I am going to another hospital in the near future to start all over again. Since surgery is the only cure for insulinoma, I know I will have another surgery eventually. I am not worried about that part. I am more ready for it this time. Since I know what to expect. It would be a little easier. I just hope they can find it this time.
I have had more hypo episodes since the surgery and they have gotten more intense with blackouts. I would like to know if anyone had to go through second surgery to find the tumor and if anyone experineced the hypo episodes suddently getting worse. It is hard to have something that not many people have. Nice to see how other people who have insulinoma are coping with it.
good luck to everyone
Homa
I have been going to the doctor since I was a 1 yr. old. I have had my thyroid and blood sugar level checked every other year of my life. I am 28 yrs old and have insulinoma. I am meeting with a doctor in a few days to go over treatment and surgery stuff. At one years old I sneaked out of my room and got up on the kitchen counter and found the sugar bowl. My mom found me shoveling straight sugar in my mouth. From then on out I have needed sugar like crazy. A pound a day, and now I am up to two pounds a day. Once again I went to the doctor and had more blood taken. Then they found this. I have all the side effects listed. Blackouts and all. I wish the best for all of you. So wierd. Myriah
It is certainly interesting getting a few more opinions and experiences….
Dear Brendan
It sounds like the laparoscopy is obviously a successful option if possible but so far my surgeon has decided it can not be done this way with mine.
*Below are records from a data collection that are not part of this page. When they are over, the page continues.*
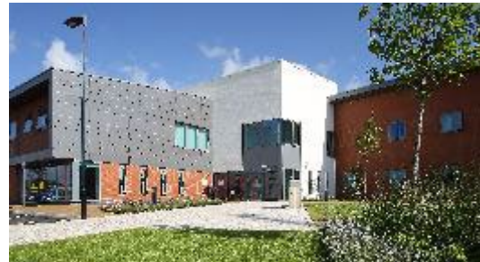
St John's Medical Centre Completed: 2016
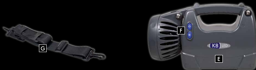
Adjusting Beam from Spot to Flood

G K8 comes complete with heavy duty carry strap as standard.
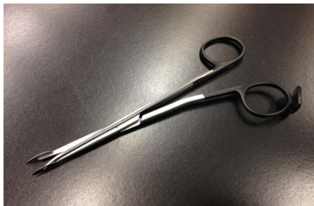
Figure 1a: The minimal undermining suspension technique MUST dissector.

Here we present a minimally invasive surgical technique for facial rejuvenation, the MUST technique, performed using an innovative tool, the MUST dissector (Figure 1) which allows a safe dissection of anatomical tissue planes to perform safely a mid-face and eyebrow lift.
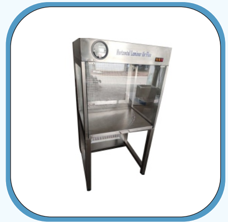
Horizontal Laminar Air Flow
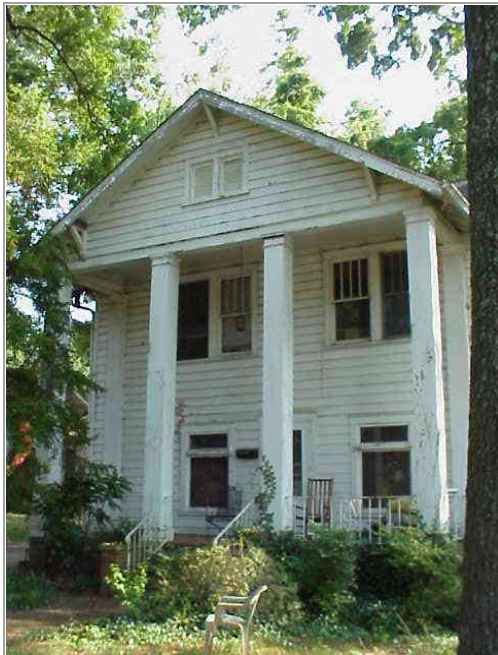
Arthur S. Grier House

Located in the historically black Grier Heights neighborhood, the Arthur S. Grier House is comparable to the Dr. Greene House in terms of both associative and architectural significance. However, the Grier House is now in poor condition.
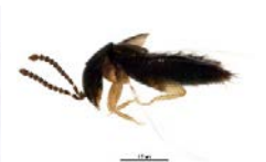
BIOUG00993-A10 [Lateral] Staphylinidae BIN URI: BOLD:ABW2844 [skewed]
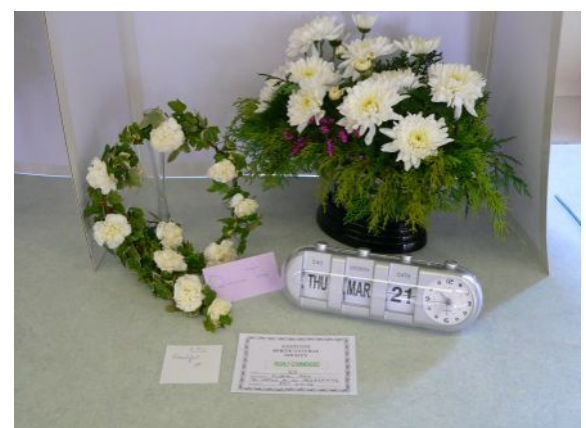
Spring No. 4
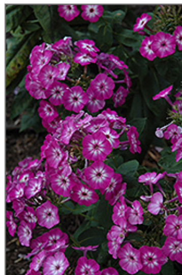
Flame Purple Eye Garden Phlox flowers
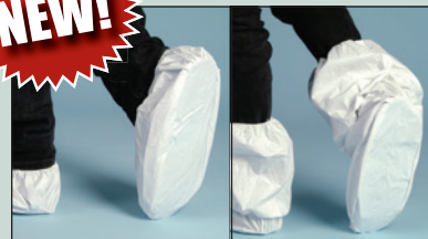
No. SC100LXL MicroMax NS Shoe Covers
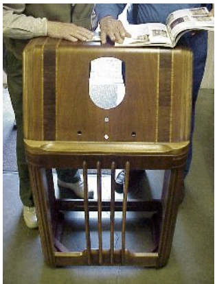
Frank Olberding - Philco 38-3 cabinet

These are the summer projects or acquisitions shown by members at the September meeting.
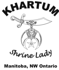
LADIES logo & Sizing Option!
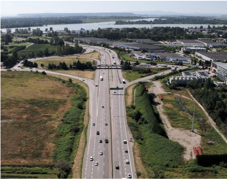
FIGURE 1 – AERIAL VIEW OF PRESENT-DAY STEVESTON INTERCHANGE
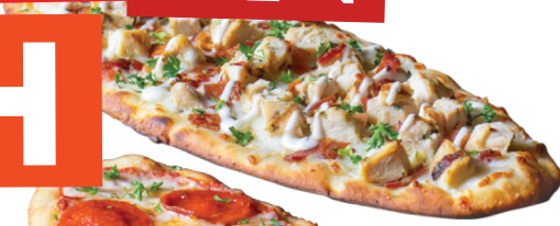
Chicken Bacon Ranch Flatbread

Diced chicken and bacon topped with ranch dressing. 850 cal

I do feel that my hypo episodes are not nearly as severe as those of you who have blacked out but feel that going on the information they could easily become as worse with out warning. Many of my symptoms have only come to light and made sense since being diagnosed, the severe night sweats, fuddled speech and distorted sight! I have had a one weird episode recently, when I felt disorientated and a bit “out of it” almost like a lapse in time, seconds I’m sure, but I have definitely been confused once or twice! (Mind you that may be normal!!!)
Best of luck!
Dear Homa
I’m very shocked that you had to go through such serious surgery when they couldn’t find the tumour! Did you have scans and tests? I went through extensive procedures, MRI & CT scans then the calcium infusion test, which can be a full body or just pancreas and liver area and finally the surgeon requested an endoscopy before he would even consider an operation.
I wish you luck in the future.
Dear Myriah
It seems terrible that is has taken such a long time for you to be diagnosed!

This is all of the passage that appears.